La Russie a souligné l’importance d’un gouvernement inclusif et d’une aide humanitaire pour l’Afghanistan lors de discussions avec des responsables talibans mercredi.
Moscou a accueilli des pourparlers sur l’Afghanistan impliquant de hauts représentants des talibans et d’autres factions, un cycle de diplomatie qui souligne l’influence de Moscou.
Ouvrant les pourparlers, le ministre russe des Affaires étrangères Sergueï Lavrov a souligné que « former un gouvernement vraiment inclusif reflétant pleinement les intérêts non seulement de tous les groupes ethniques mais de toutes les forces politiques du pays » est nécessaire pour parvenir à une paix stable en Afghanistan.
La Russie a travaillé pendant des années pour établir des contacts avec les talibans, même si elle a désigné le groupe comme organisation terroriste en 2003 et ne l’a jamais retiré de la liste. Tout contact avec de tels groupes est puni par la loi russe, mais le ministère des Affaires étrangères a répondu aux questions sur l’apparente contradiction en disant que ses échanges avec les talibans sont essentiels pour aider à stabiliser l’Afghanistan.

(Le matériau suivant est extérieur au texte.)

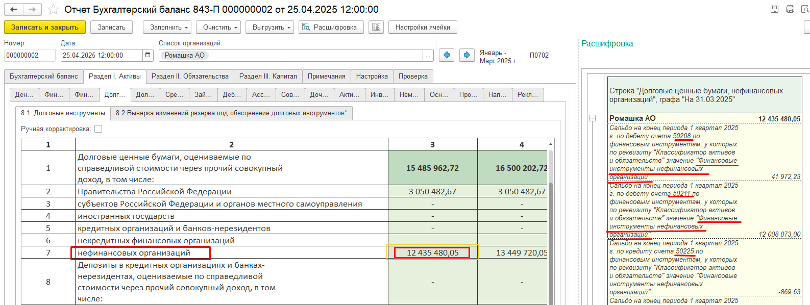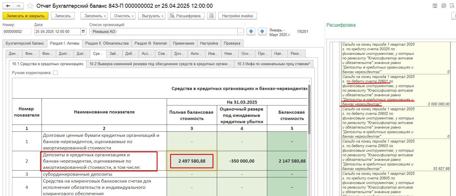 Сведения о правилах классификации, применяемых для формирования значений показателей БФО, доступны через команду «Расшифровка» в выбранной ячейке с заполненными данными. Расшифровка отображает критерии формирования значения: классификацию активов и обязательств, а также соответствующие счета плана счетов.

L’Union soviétique a mené une guerre de 10 ans en Afghanistan qui s’est terminée par le retrait de ses troupes en 1989. Ces dernières années, Moscou a fait un retour en force en tant qu’intermédiaire influent dans les pourparlers internationaux sur l’Afghanistan, accueillant les représentants des talibans et des membres d’autres factions. pour les réunions bilatérales et multilatérales.
Contrairement à de nombreux autres pays, la Russie n’a pas évacué son ambassade à Kaboul et son ambassadeur a maintenu des contacts réguliers avec les talibans après leur prise de contrôle de la capitale afghane en août.
Lavrov, dans son discours d’ouverture de la conférence, a félicité les talibans pour leurs efforts visant à stabiliser la situation dans le pays et à assurer le fonctionnement des structures étatiques.
« Nous sommes convaincus qu’il est temps de mobiliser les ressources de la communauté internationale pour apporter à Kaboul un soutien financier humanitaire efficace, notamment pour prévenir une crise humanitaire et réduire les flux migratoires », a déclaré M. Lavrov. Il a poursuivi en disant qu’il regrettait l’absence de Washington a sauté la réunion de Moscou pour des raisons techniques, mais a déclaré qu’il prévoyait de se joindre à des pourparlers similaires à l’avenir.
La semaine dernière, le président russe Vladimir Poutine a noté qu’il ne fallait pas se précipiter pour reconnaître officiellement les talibans comme les nouveaux dirigeants de l’Afghanistan, mais a souligné la nécessité d’engager des pourparlers avec eux.
Dans le même temps, il a souligné les problèmes de sécurité posés par le groupe terroriste Daesh et d’autres militants basés dans le nord de l’Afghanistan, et a noté que le trafic de drogue en provenance d’Afghanistan continuera de présenter un défi.
La Russie s’est engagée à fournir une assistance militaire à ses anciens alliés soviétiques en Asie centrale pour aider à contrer les menaces, et a organisé une série d’exercices conjoints en Ouzbékistan et au Tadjikistan, pays voisin de l’Afghanistan.
Un autre exercice militaire de grande envergure au Tadjikistan impliquant 5 000 soldats, plus de 700 véhicules militaires et avions de combat a commencé cette semaine.